### WHAT YOU WILL DO
Leave the pictures aside and copy all the data exactly.

### RAW DATA
◇ ◇ ◇ ◇ ◇ ◇ ◇
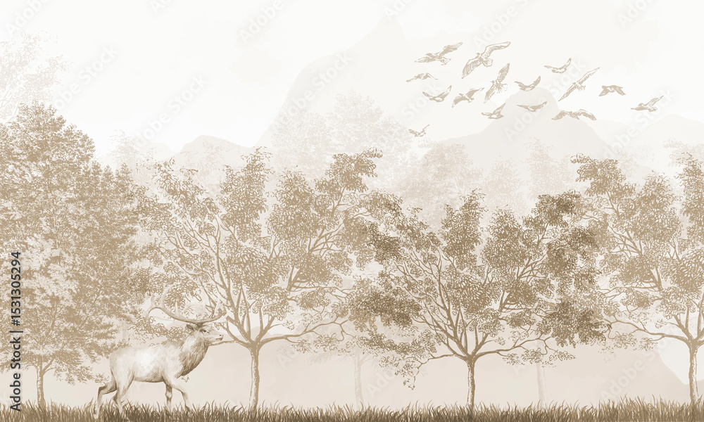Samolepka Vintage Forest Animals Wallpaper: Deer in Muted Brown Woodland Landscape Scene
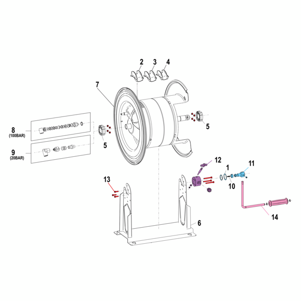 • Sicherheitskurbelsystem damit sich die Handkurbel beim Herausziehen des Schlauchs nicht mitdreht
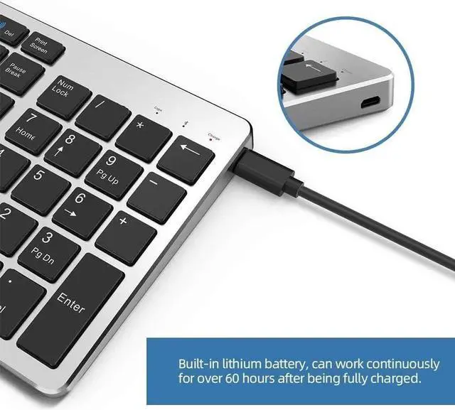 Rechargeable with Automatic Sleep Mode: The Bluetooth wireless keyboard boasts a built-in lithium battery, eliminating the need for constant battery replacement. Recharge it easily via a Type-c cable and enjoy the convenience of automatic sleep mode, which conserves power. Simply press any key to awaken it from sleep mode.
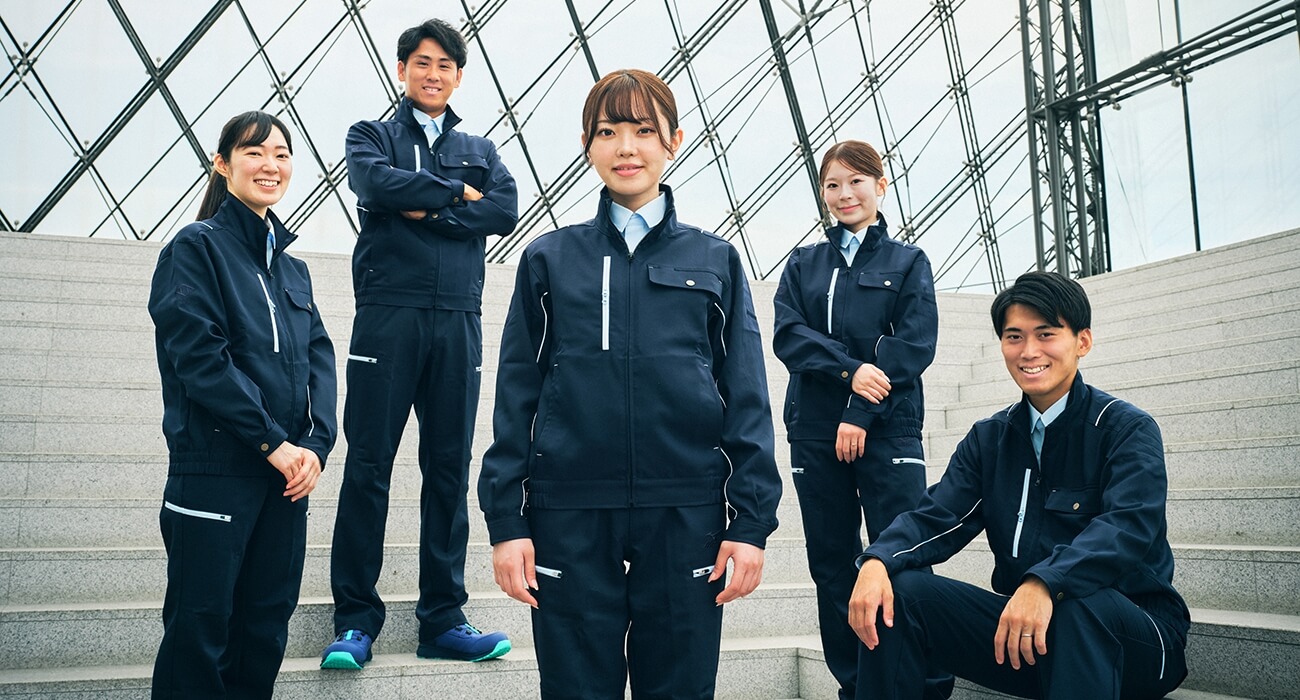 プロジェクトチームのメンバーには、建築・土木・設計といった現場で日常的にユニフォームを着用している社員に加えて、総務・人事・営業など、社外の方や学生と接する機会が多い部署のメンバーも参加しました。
◇ ◇ ◇ ◇ ◇ ◇ ◇
### RESPONSE AREA
Samolepka Vintage Forest Animals Wallpaper: Deer in Muted Brown Woodland Landscape Scene
 • Sicherheitskurbelsystem damit sich die Handkurbel beim Herausziehen des Schlauchs nicht mitdreht
 Rechargeable with Automatic Sleep Mode: The Bluetooth wireless keyboard boasts a built-in lithium battery, eliminating the need for constant battery replacement. Recharge it easily via a Type-c cable and enjoy the convenience of automatic sleep mode, which conserves power. Simply press any key to awaken it from sleep mode.
 プロジェクトチームのメンバーには、建築・土木・設計といった現場で日常的にユニフォームを着用している社員に加えて、総務・人事・営業など、社外の方や学生と接する機会が多い部署のメンバーも参加しました。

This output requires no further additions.